I created a pointer to a structure with a char* and int with malloc(1).
The pointer works and I can edit structure children without problems.
I also created a pointer to a int (still with malloc(1)) and it works. Another thing is I didn't get core dump error when I tried to access *(pointer + 33780) (Core dump comes when the value is a bit higher) it worked, but default value was 0.
Thank you, that's not a "problem" but I'd like to know why is that doing like this.
Sorry for being the English's murderer.
EDIT : Here the code
struct Personne
{
char *name;
int age;
};
int main(int argc, char *argv[])
{
printf("%ld\n", sizeof(struct Personne));
struct Personne *testPoint = malloc(1);
printf("testPoint : %p\n", testPoint);
printf("testPoint : %p\n", testPoint->name);
testPoint->name = "UnNomInconnu";
testPoint->age = 20;
free(testPoint);
return 0;
}
Actually function malloc does not allocate a memory extent exactly of the size of 1 byte or of a similar small value. Usually the minimum size of an allocated extent is equal to the size of the paragraph that is to 16 bytes.
So if you will write for example
char *p = malloc( 1 );
then the actual size of the allocated extent can be equal to 16 bytes.
Nevertheles you should not rely on this feature becuase in general that is according to the C Standard this is undefined behaviour.
struct Personne *testPoint = malloc(1);
puts you into the realm of undefined behavior. Unfortunately UB can include "the program runs correctly in all test environments but fails in production at worst possible time" - and frequently does.
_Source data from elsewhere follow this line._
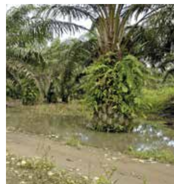
Antes del drenaje con ditcher .

Antes del inicio del periodo de lluvias se deben limpiar los canales con el fin de permitir una rápida evacuación del agua.
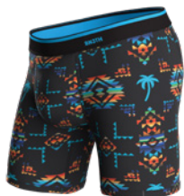
BEACH BLANKET BLACK
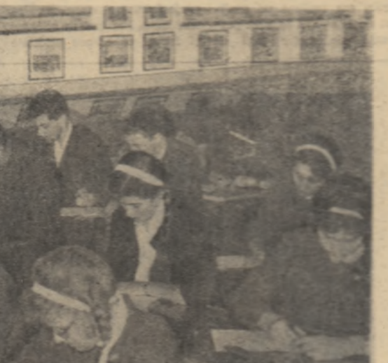
Lucrare de control trimestrială la o clasă a XI-a a Școlii medii „Georgehe Lezăr” din Capileș.
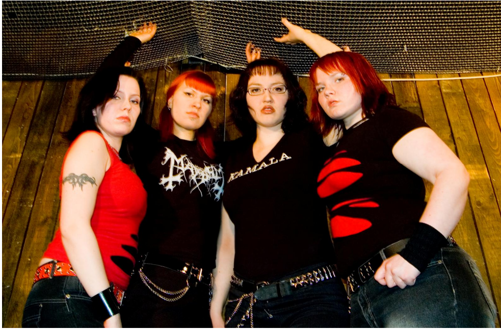
KUVIO 21. Kamala. Promo 2006. (Erkkilä, S.).

If you are on linux run your program under valgrind and/or electric fence. You will see why those tools exist.
You need:
struct Personne *testPoint = malloc(sizeof(*testPoint));
1 byte is not enough memory for your structure. The meaning of malloc() argument is the number of bytes. However, malloc() does not necessarily protect the memory beyond the allocated segment, so in some cases it is possible to overwrite the boundary without fatal consequences.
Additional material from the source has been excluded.